- Directed by: Buster Keaton Charles Lamont
- Written by: Buster Keaton Charles Lamont
- Produced by: E. H. Allen E. W. Hammons
- Starring: Buster Keaton
- Cinematography: Gus Peterson
- Edited by: Karl Zint
- Production company: Educational Pictures
- Distributed by: Twentieth Century-Fox
- Release date: February 21, 1936;
- Running time: 20 minutes
- Country: United States
- Language: English

= Grand Slam Opera =

1936 film

Grand Slam Opera is a 1936 American short comedy film starring Buster Keaton and produced by Educational Pictures.

==Plot==
Elmer Butts (Keaton) is seen off by his friends as he boards a train for New York City. He intends to appear on the radio show Colonel Crow's Amateur Night, but the show ends just before it's his turn to audition. He meets a beautiful young girl (who it transpires lives downstairs from him) and asks her out but is turned down. That night he practices several noisy dance routines in his bedroom, which angers the girl.

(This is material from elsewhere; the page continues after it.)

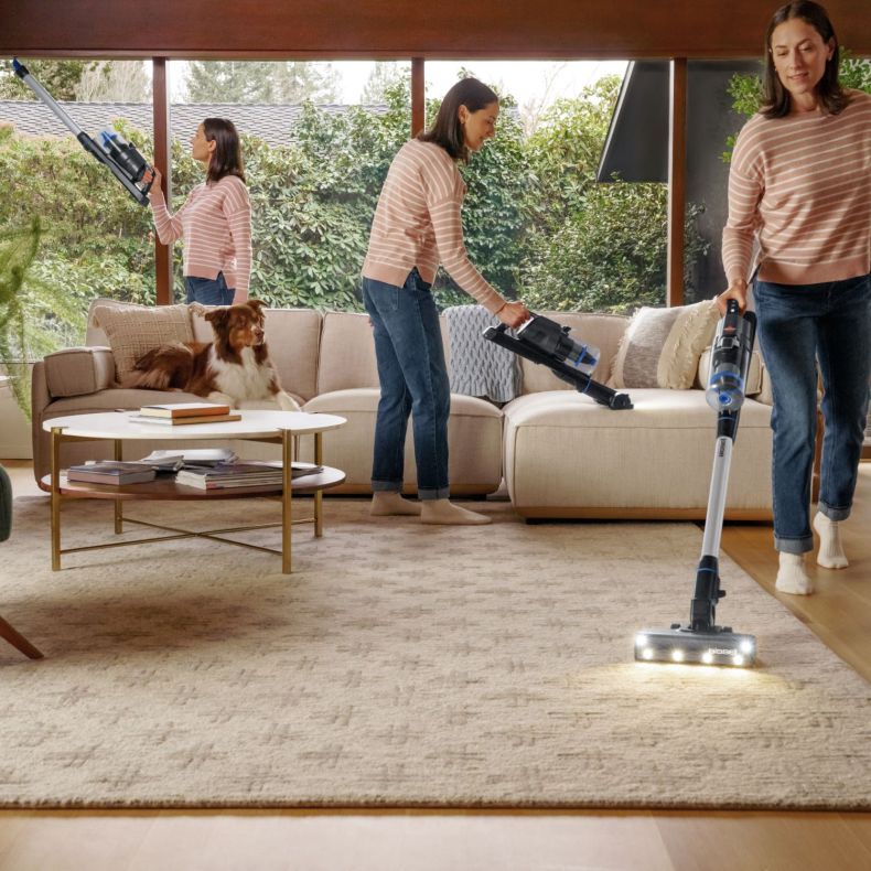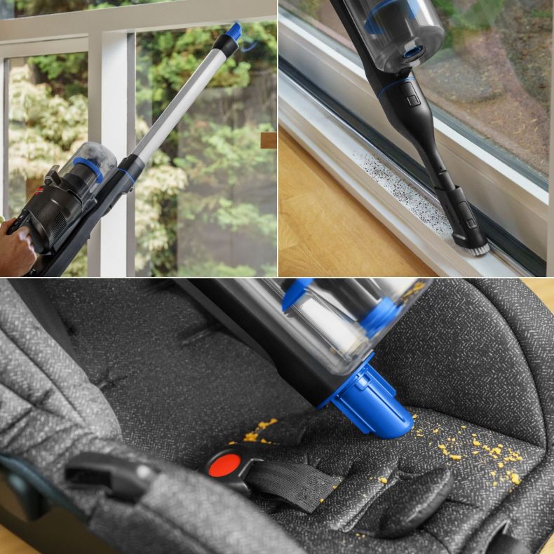 Cambia sin esfuerzo de la escoba aspiradora al aspirador de alto alcance y al aspirador de mano para una limpieza de suelo a techo.

The next day Elmer attempts to audition for the colonel but a band is already on the air, playing "an international medley". Elmer, waiting his turn in the next room, gets caught up in the music and dances to the various ethnic melodies.

Elmer finally reaches the radio microphone. He is a juggler and intends to describe his juggling techniques to the audience listening at home. The incredulous colonel allows him to continue. During Elmer's performance he gets into several scuffles with the bandleader, who is trying to conduct "The Anvil Chorus". The studio audience watching the show finds the performance hilarious but Elmer is thrown out.
Four weeks pass and Elmer is seen hitch-hiking at the side of a road. Overhearing a nearby car radio. he learns that his performance was voted the best of the night by the audience and his prize money has gone unclaimed. Elmer dashes back to the studio (via train, car, and on foot) and his new prosperity and popularity convince the girl to finally go on a date with him.

==Cast==
- Buster Keaton as Elmer Butts
- Diana Lewis as The Girl Downstairs
- Harold Goodwin as Bandleader
- John Ince as Colonel Crow
- Bud Jamison as Arizona Sheriff
- Eddie Fetherston as Chauffeur

==Production and reception==
Grand Slam Opera is a satire of the Major Bowes amateur hour, heard weekly on network radio. Buster Keaton co-wrote the screenplay with director Charles Lamont. The opening sequence, with Elmer taking his leave of Gopher City, Arizona by train, has Elmer and chorus singing a parody of George M. Cohan's hit song "So Long, Mary." Low-budget Educational didn't want to pay the $300 licensing fee to use the song, so Buster Keaton paid the fee personally. "Colonel Crow" parodies "Major Bowes," and the "dancing directly over the downstairs neighbor's room" satirizes the same episode in the Fred Astaire-Ginger Rogers musical Top Hat. The "Anvil Chorus" scene harks back to an old vaudeville routine, in which Keaton and his father exchanged slapstick blows in time to the music.

Grand Slam Opera was an exceptional success, with Buster Keaton receiving some of his all-time best notices. "Easily the best comedy Buster Keaton has ever delivered... Book it without seeing it. It can't miss," reported Film Daily. Motion Picture Daily agreed: "Buster Keaton contributing some of his best comedy, this one has entertainment in every frame." Variety enthused, "It's pretty near good enough to be sold as a baby feature." Educational capitalized on the favorable publicity and placed full-page ads in trade periodicals.